So my presentation tonight is called “Things that annoy me - and why that’s cool”. I’m one of those people that is quite easily annoyed: by traffic, by noise, by shops and malls and even by other people. I’ve tried to tap into this personality disorder in what I do and why I do what I do.
The Internet has coined a phrase for this - it’s called ‘scratching your own itch’. This philosophy has widespread adoption in particularly the tech community, and has led to many interesting ideas and apps being built.
For the sake of most my presentation I would like you to imagine a time before Facebook and before Twitter and before Youtube. When the Internet was still young, when there was still plenty of opportunity, little bandwidth, lots of available domain names, and no dominant search engine.

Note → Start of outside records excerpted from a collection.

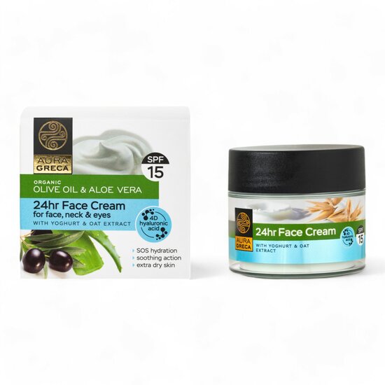 Als je snel last hebt van een droge en gevoelige huid, is hydrateren en kalmeren het belangrijkste. Dat doe je met de natuurlijke gezichtscrème voor de droge huid van Aura Greca. Voedende, herstellende en hydraterende ingrediënten verwennen de huid, terwijl de vochtbalans wordt gestabiliseerd en de huidbarrière wordt beschermd. De oliën, proteïnen, hyaluronzuur en allantoïne zorgen voor een verbeterde verzorging van de huid. Hierdoor kunnen droogtelijntjes verminderen, krijgt de huid een jeugdige, prachtige glans en verbeter je de vochtbalans. Het unieke 4D Hyaluroncomplex bevat verschillende grootten moleculen, waardoor niet alleen het huidoppervlak, maar ook de dieper gelegen huidlagen worden gehydrateerd en verstevigd.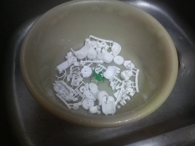 歪みが取れたら、洗剤に漬けて、離型剤を洗浄今回はファインモールドのご機嫌クリーナーに20分位漬けた後に、古歯ブラシで擦り落としました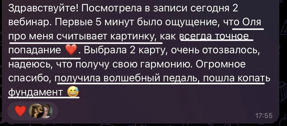 Я хочу поблагодарить каждую, кто принял в нем участие и решил сделать этот важный часть на встречу к новой себе. Вы уже видите немаленькие изменения, а прошло только 3 дня нашей работы. И знаете что? Это ведь еще не конец. Перемены будут «догонять» вас и дальше, вот увидите! И не сомневайтесь даже, у вас все получится, по-другому быть не может. Еще раз всех благодарю за участие и доверие ко мне. Очень ценю это.
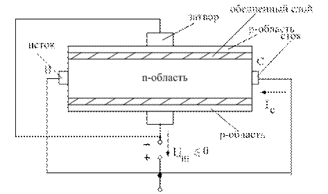 При подаче запирающего напряжения Uзи на p-n-переход между затвором и каналом на границах канала возникает равномерный слой, объединенный носителями зарядов и обладающий высоким удельным сопротивлением, а это приведет к уменьшению проводящей ширины канала.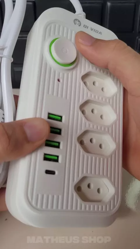 Extensão Filtro De Linha Segurança 5 Tomadas 4 Usb E Usb C #Shop

I’ve always built websites: big ones, medium-sized ones, small ones. The small ones were the most frustrating: they were hard to update as their smaller budgets never warranted the build of a content-management system. The thing is that a a website was still as important for a client no matter how small or big they were. It was a frustrating position to be.
Outside of work it also annoyed me that there was no place to find out what was going on in the ‘local scene’. So I built this site where people could find stuff relating to what was going on in town, djs could post flyers, people could post photos afterwards, that type of thing. It was a content-management system that allowed a couple of select users to post interesting content for everyone to view, and an open comment system that allowed anyone to participate.

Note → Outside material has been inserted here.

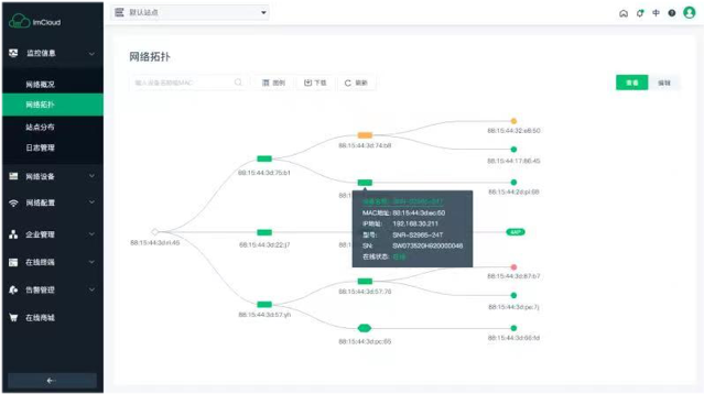 网络连接拓扑自动生成,网络设备运行状态一目了然。

This ‘loose structure’ and ease of use allowed for interesting things to happen: one of the defining moments for e-vent happened on September 11, 2001 - it transformed from a site talking about the night-life to a site sharing information about the attacks in New York, allowing people to get together and express their fears and concerns as to what was happening in the world beyond Cape Town.
Fast-forward to today’s Internet and very much the same thing happened quite recently on Twitter: they had similar moments of validation with their technology but this time round the entire world was tuned in, and anyone can be part of it, quite easily. We now call it ‘citizen journalism’.

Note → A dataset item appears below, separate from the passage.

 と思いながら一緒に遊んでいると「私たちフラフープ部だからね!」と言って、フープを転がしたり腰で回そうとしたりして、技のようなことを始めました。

The interesting thing about the way the web today is that everyone is ‘managing content’ to some extent - so-called ‘user-generated content’ - and the functionality once available to the few is now the same functionality considered entry-level to many.
Back in the year 2000 and at some stage everything came crashing down anyway. Budgets were cut, businesses closed down, people got retrenched, restaurants had specials every night of the week. Everyone hunkered down and started working on more smaller, more meaningful and purposeful projects. A bunch of small boutique agencies sprang up, some of them survived, some of didn’t. I ended up working for a charity.
In the period following the crash there was this strange silence on the web, but if you listened close enough you could hear a “noise from the edge”: blogs were gaining in popularity; it was easy to start your own one, and some people were even making money from blogging. Search was actually working; and you could actually find what you were looking for on the web.
In particular a new type of website started to appear, websites with real functionality that allowed people to ‘do stuff’. A company called 37signals was building and releasing all sorts of interesting productivity applications, Flickr changed the way we view and share our photos, and many other applications started filtering through into the marketplace.
We’ve always had a saying that “there was no money in production” - all our work was usually produced for one client, and usually shipped for one website. The design & code was deployed on a server customized towards one client, only. We were reinventing the wheel over and over and over on each new job.